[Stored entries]

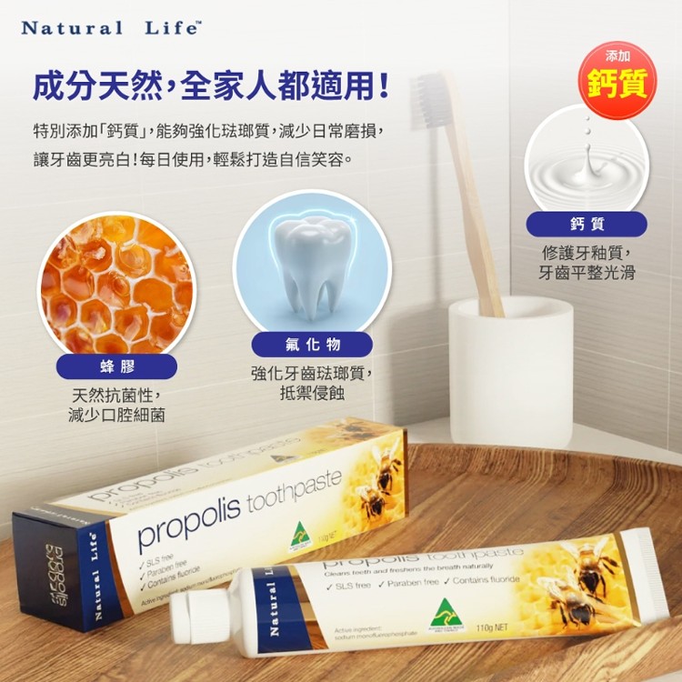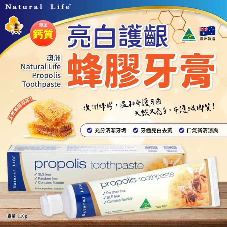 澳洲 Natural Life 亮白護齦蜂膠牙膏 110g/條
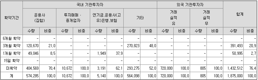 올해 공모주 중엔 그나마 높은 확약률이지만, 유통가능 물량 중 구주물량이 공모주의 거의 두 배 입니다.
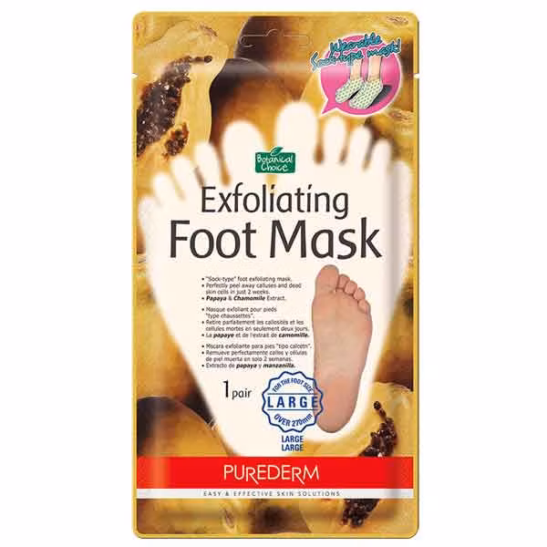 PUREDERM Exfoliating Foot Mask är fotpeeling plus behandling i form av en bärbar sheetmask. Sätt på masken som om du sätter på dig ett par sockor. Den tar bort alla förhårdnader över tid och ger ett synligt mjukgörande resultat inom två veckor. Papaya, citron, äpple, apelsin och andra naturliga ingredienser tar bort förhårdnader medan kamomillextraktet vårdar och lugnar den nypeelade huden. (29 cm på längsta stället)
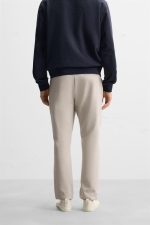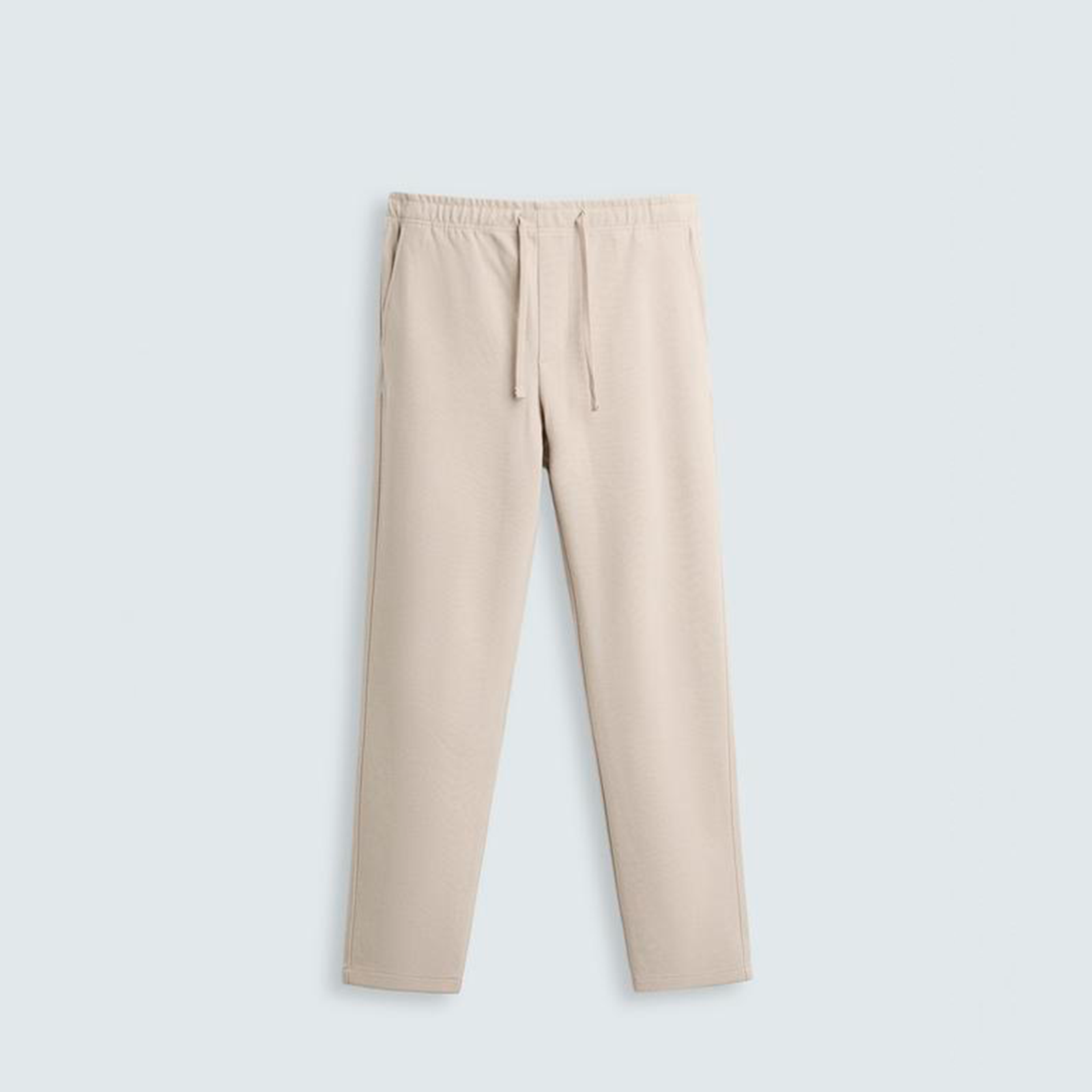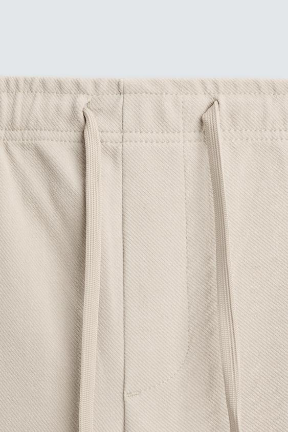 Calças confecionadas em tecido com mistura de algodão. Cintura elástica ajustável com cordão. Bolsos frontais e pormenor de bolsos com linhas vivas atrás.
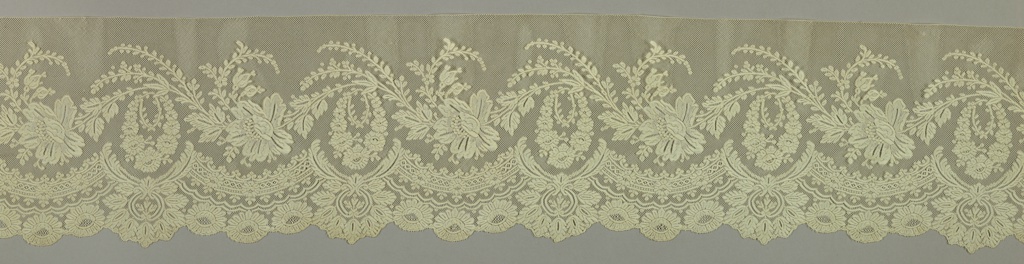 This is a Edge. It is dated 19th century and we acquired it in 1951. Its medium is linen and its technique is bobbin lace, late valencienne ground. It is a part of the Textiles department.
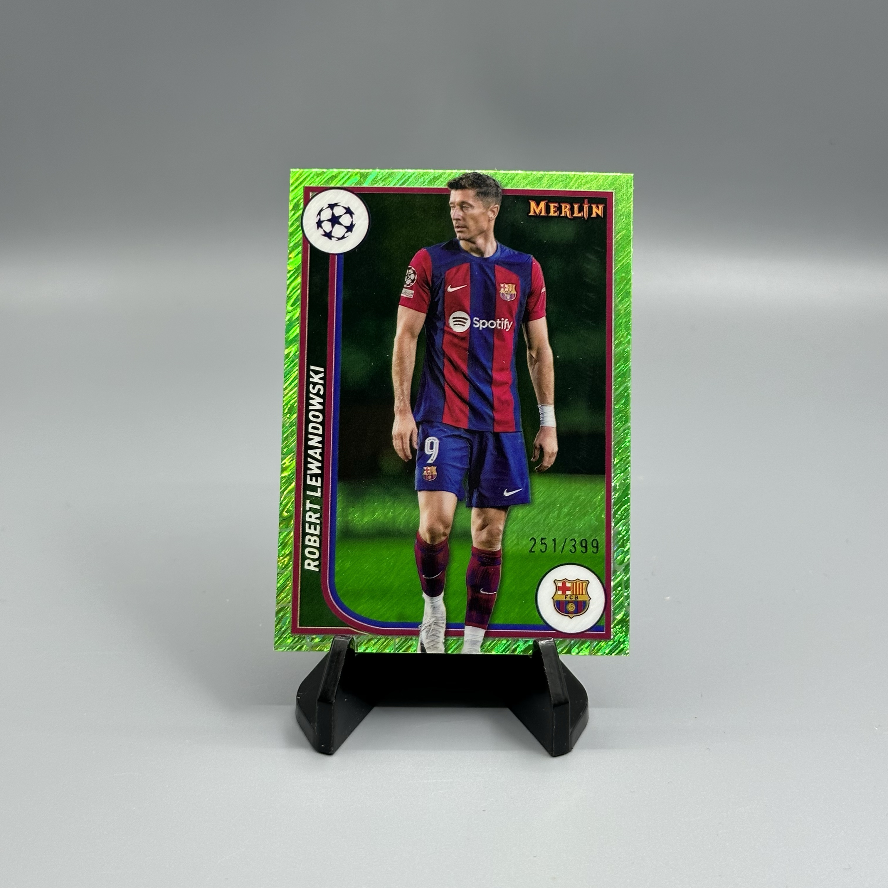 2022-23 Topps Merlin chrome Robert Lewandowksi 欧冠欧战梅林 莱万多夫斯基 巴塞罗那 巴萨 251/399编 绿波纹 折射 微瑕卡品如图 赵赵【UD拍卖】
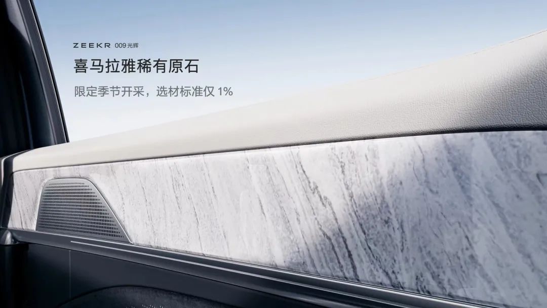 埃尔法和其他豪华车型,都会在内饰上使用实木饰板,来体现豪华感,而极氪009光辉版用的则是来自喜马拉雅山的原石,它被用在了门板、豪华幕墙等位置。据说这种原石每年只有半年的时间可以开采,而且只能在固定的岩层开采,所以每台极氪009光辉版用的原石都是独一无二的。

==

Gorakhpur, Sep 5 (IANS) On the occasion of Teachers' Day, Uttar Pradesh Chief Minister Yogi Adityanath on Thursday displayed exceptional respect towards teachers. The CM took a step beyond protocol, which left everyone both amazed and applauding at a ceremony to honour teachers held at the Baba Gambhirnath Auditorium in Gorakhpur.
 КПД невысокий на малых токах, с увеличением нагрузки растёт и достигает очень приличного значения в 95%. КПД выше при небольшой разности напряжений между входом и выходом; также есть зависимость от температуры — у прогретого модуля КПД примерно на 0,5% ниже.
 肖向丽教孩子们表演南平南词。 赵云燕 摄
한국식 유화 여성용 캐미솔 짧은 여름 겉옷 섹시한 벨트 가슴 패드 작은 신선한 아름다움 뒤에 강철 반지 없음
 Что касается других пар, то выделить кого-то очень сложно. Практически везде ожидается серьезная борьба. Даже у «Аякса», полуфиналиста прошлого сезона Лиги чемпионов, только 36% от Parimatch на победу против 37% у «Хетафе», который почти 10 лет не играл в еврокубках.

Problem: Above are the records; return the lines in them from the one with "This is a Edge." to the one with "埃尔法和其他豪华车型,都会在", inclusive, exactly and without images.

Exercise solution:
 This is a Edge. It is dated 19th century and we acquired it in 1951. Its medium is linen and its technique is bobbin lace, late valencienne ground. It is a part of the Textiles department.
 2022-23 Topps Merlin chrome Robert Lewandowksi 欧冠欧战梅林 莱万多夫斯基 巴塞罗那 巴萨 251/399编 绿波纹 折射 微瑕卡品如图 赵赵【UD拍卖】
 埃尔法和其他豪华车型,都会在内饰上使用实木饰板,来体现豪华感,而极氪009光辉版用的则是来自喜马拉雅山的原石,它被用在了门板、豪华幕墙等位置。据说这种原石每年只有半年的时间可以开采,而且只能在固定的岩层开采,所以每台极氪009光辉版用的原石都是独一无二的。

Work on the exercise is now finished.